Investigation of an Alternative Reaction Pathway in the Cyclization of Ethyne to Benzene on Palladium: Cyclooctatetraene on Pd(111)

Cyclooctatetraene (COT) to benzene conversion can be induced on Pd(111) under conditions of (low) temperature and overlayer density similar to those that obtain during the trimerization of ethyne to benzene. Coadsorbed NO inhibits COT decomposition, but does not increase its reactivity; HREELS shows that COT drastically affects NO site occupancy. Coadsorbed C ₆ D ₆ both inhibits decomposition and strongly enhances the reactivity of COT: almost 100% COT → benzene selectivity can be achieved.

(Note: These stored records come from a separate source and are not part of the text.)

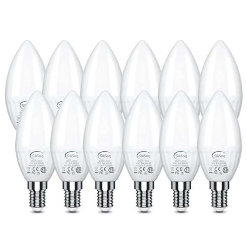 SikSog E12 LED Candelabra Light Bulbs 50 Watt Equivalent,Daylight 5000K Chandelier Bulb 560LM,Candle Bulb Base E12 Ceiling Fan Bulb B11 Type for Chandelier Non-Dimmable (12 Pack)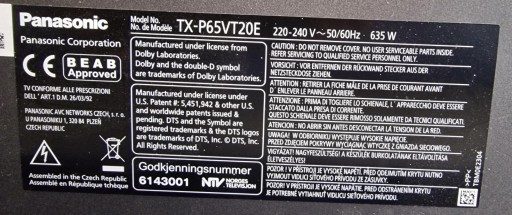 Model TV: TX-P65VT20E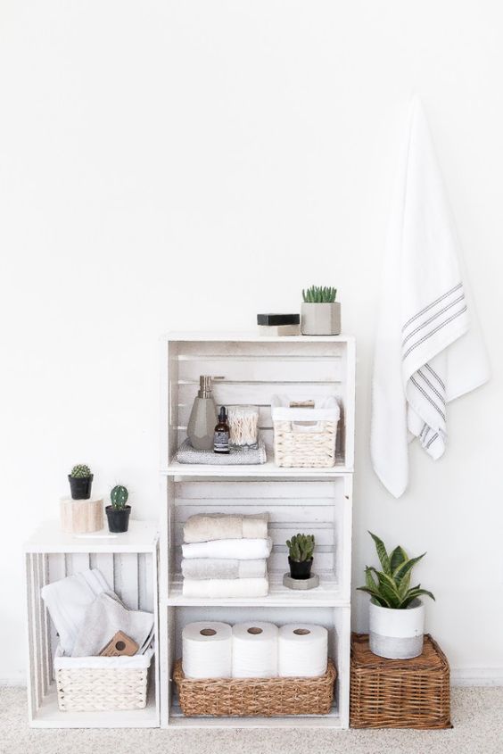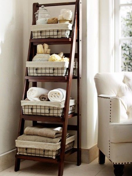 Izbacite sve nepotrebne stvari, ostavite one peškire koje zaista koristite, presložite kozmetiku i ostavite samo ono što svakodnevno koristite. Duboke police ispod lavaboa iskoristite pametno i u njih ubacite peškire. Dodajte otvorene police na koje možete staviti drvene korpice za odlaganje, biće vidljivo i otovoriće prostoriju. Tu su i merdevine koje možete iskoristiti kao police.

A consistent interpretation of the vibrational spectra and reactivity is given: flat-lying COT undergoes decomposition, μ ⁴ tub-COT is unreactive, chair-COT μ ⁴ is reactive. This explanation takes account of the effects of metal-mediated charge transfer on the geometry of adsorbed COT. C ₄ H ₄ cannot be induced to undergo coupling to COT, even in the presence of C ₆ D ₆ or NO, both of which strongly promote ethyne-to-benzene conversion. It is therefore argued that C ₂ H ₂ → C ₄ H ₄ → C ₈ H ₈ → C ₆ B ₆ (+C ₂ H ₂ ) cannot be a major pathway in ethyne cyclization.